| Directions for this task |
Would you please copy only the lines from the line that contains "Beezer Bonzer World" to the end of the data below, exactly, leaving every picture out?

--

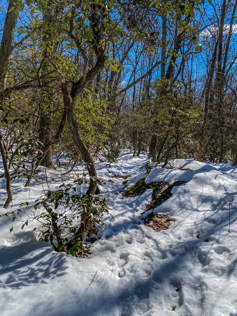 This was a short moderate hike at times in the ice and snow with several rewards with the mount laurel grove, thawing icicles, the overlook and the challenge of ensuring you didn’t fall into the meandering brook!
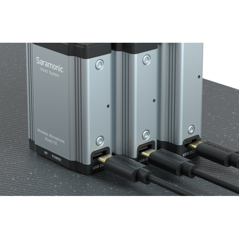 Pracując z zestawem do bezprzewodowej transmisji dźwięku Saramonic Vlink2 nie musisz martwić się o kupowanie baterii lub pakowanie do torby zapasowych ogniw. Mikroporty wyposażono we wbudowane akumulatory, które zapewnią nieprzerwaną pracę podczas całego dnia zdjęciowego. Maksymalny czas działania nadajników to 20 godzin, a odbiornika 19. Nawet jeśli nagrywasz 24-godzinny stream, możesz spać spokojnie! Urządzenia bez trudu podłączysz do ładowarki lub power banku zyskując dodatkowy zastrzyk energii!
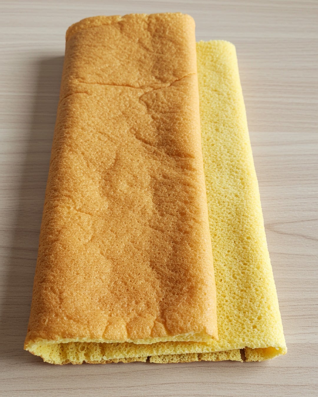Error fatal: Sobre-hornear aunque sea 2 minutos adicionales resultará en bizcocho que se agrieta inevitablemente al enrollar. Es mejor sub-hornear ligeramente que exceder.
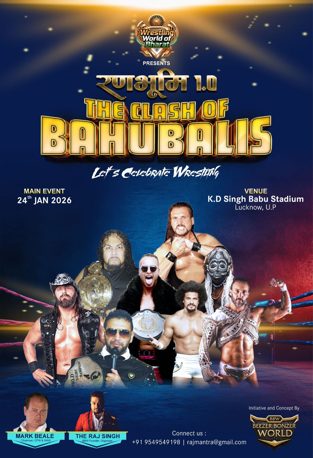 Beezer Bonzer World is excited to announce our inaugural Ranbhoomi 1.0, “The Clash of Bahubalis” under the banner of Wrestling World of Bharat, the showdown is scheduled on the 24th of January 2026, in KD Singh Babu Stadium, Lucknow.
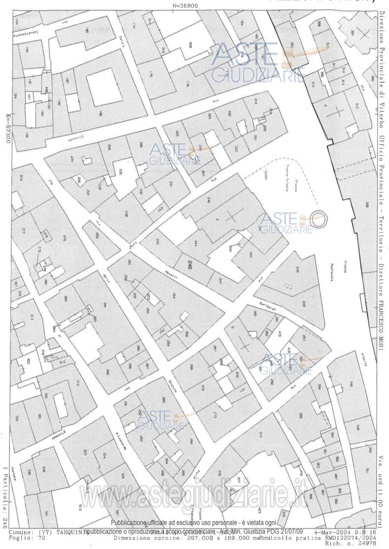 Vendita all'asta Senza incanto, con gara telematica asincrona - LOTTO 1: Appartamento sito al terzo piano di stabile condominiale in centro storico a Tarquinia, in buono stato di conservazione. Composto da ingresso, soggiorno, cucina, 6 stanze, wc, wc di servizio, ripostiglio, balconi. Portoncino di accesso ed infissi interni in legno, infissi esterni parte in legno e parte in alluminio anodizzato. Pavimentazione camere parte in laminato e parte in ceramica. Balconi pavimentati in gres. Dotato di impianto termico autonomo implementato con l’ausilio di condizionatori. Superficie catastale mq 226. Superficie calpestabile mq 192,55. Il tutto contraddistinto in NCEU del Comune di Tarquinia al Foglio 72, part. 246, sub 7, Cat. A/2, classe 2, consistenza 9,5 vani, rendita euro 1152,99. Confinante con Via Della Veronica a sud, subalterno 5 a Ovest, subalterno 7 a Est.
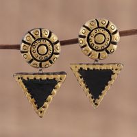 Gold-Tone and Black Ceramic Dangle Earrings from India 'Mystic Beauty' Item ID: 2669924355
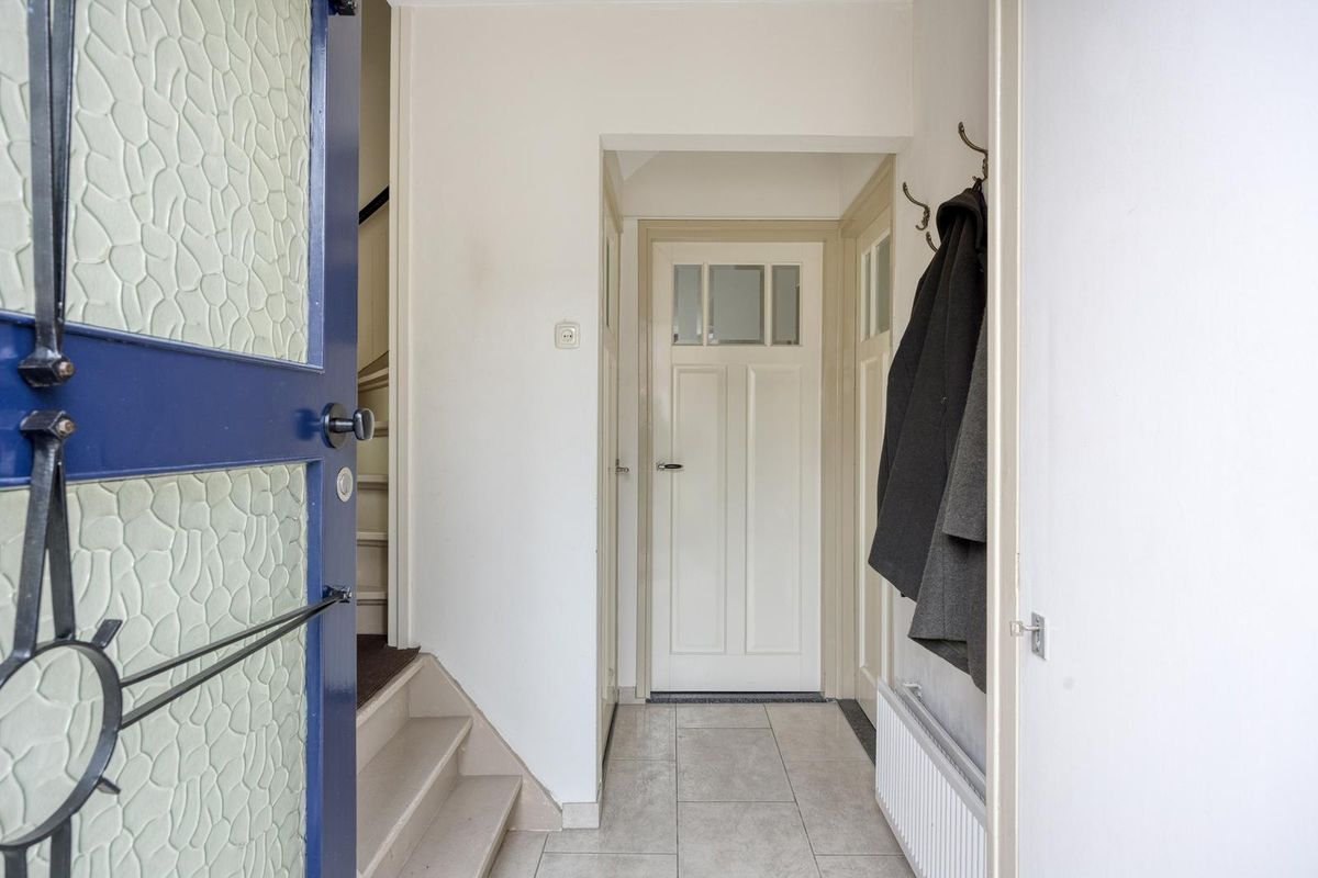 De entree is afgewerkt met een tegelvloer en stucwerk als wand- en plafondafwerking. De hal geeft toegang tot het toilet, de meterkast (7x 220V en 2 aardlekschakelaars) de woonkamer en halfopen keuken, de half verdiepte trapkast en de vaste trap naar de eerste verdieping.
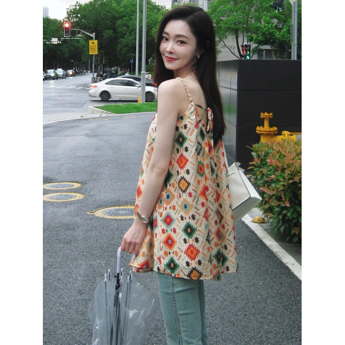 宋軼同款法式波西米亞度假風寬松休閒吊帶背心小衫印花襯衫女夏

--

| Exercise response |
 Beezer Bonzer World is excited to announce our inaugural Ranbhoomi 1.0, “The Clash of Bahubalis” under the banner of Wrestling World of Bharat, the showdown is scheduled on the 24th of January 2026, in KD Singh Babu Stadium, Lucknow.
 Vendita all'asta Senza incanto, con gara telematica asincrona - LOTTO 1: Appartamento sito al terzo piano di stabile condominiale in centro storico a Tarquinia, in buono stato di conservazione. Composto da ingresso, soggiorno, cucina, 6 stanze, wc, wc di servizio, ripostiglio, balconi. Portoncino di accesso ed infissi interni in legno, infissi esterni parte in legno e parte in alluminio anodizzato. Pavimentazione camere parte in laminato e parte in ceramica. Balconi pavimentati in gres. Dotato di impianto termico autonomo implementato con l’ausilio di condizionatori. Superficie catastale mq 226. Superficie calpestabile mq 192,55. Il tutto contraddistinto in NCEU del Comune di Tarquinia al Foglio 72, part. 246, sub 7, Cat. A/2, classe 2, consistenza 9,5 vani, rendita euro 1152,99. Confinante con Via Della Veronica a sud, subalterno 5 a Ovest, subalterno 7 a Est.
 Gold-Tone and Black Ceramic Dangle Earrings from India 'Mystic Beauty' Item ID: 2669924355
 De entree is afgewerkt met een tegelvloer en stucwerk als wand- en plafondafwerking. De hal geeft toegang tot het toilet, de meterkast (7x 220V en 2 aardlekschakelaars) de woonkamer en halfopen keuken, de half verdiepte trapkast en de vaste trap naar de eerste verdieping.
 宋軼同款法式波西米亞度假風寬松休閒吊帶背心小衫印花襯衫女夏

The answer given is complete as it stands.